Lots and lots of thanks to everyone up there; Nick and Sarah Craig, Keith Murray (champion number pinner and chief ‘unit’ grass crit racer), Alison Kinloch, Jo Newstead, Isla Rowntree, Annie Simpson, Charlotte Hayward Mahe.

This leads onto the South East and Eastern Regional champs. A stunningly chilly day with a course that hadn’t seen rain for at least a couple of weeks. Another fast, dry, slightly hillier race. Another race which I was fairly out of my depth. Lining up with the likes of Helen Pattinson, Jo Smith (I know how to beat her in longest lap now), Louise Mahe… the list goes on. Thankfully I had a lot of people I’d class as friends here, all of them I’ve met through cx. 
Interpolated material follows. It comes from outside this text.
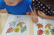 Закрепили умения разукрашивать осенние листья,используя разные цвета и приемы работы кистью.
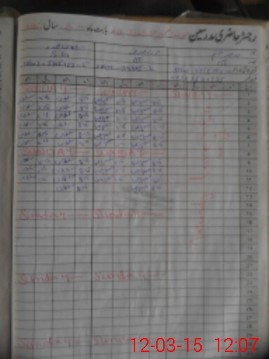 | CNIC | Full Name | Designation | R/C | Absence During Last Calender Month |

I was gridded midfield, but from the start my legs felt leaden, and very tired. I couldn’t even sprint with rest like I usually can. I struggled most of the race, apart from the big off camber downhill and the twisty tech section. I couldn’t even run up the hill like I’d half done last weekend at the skills day. 

This time, I had a blow in the ribs from a Vet just before the finish, and having been struggling to breathe anyway – tipped me over the edge again. Hanging over the bars, gasping for breath with tears streaming isn’t the best look in the world.

But. I loved it. I loved every off camber trch section. The feeling of being nearly on my knees and trying my utmost. This is why I do cx.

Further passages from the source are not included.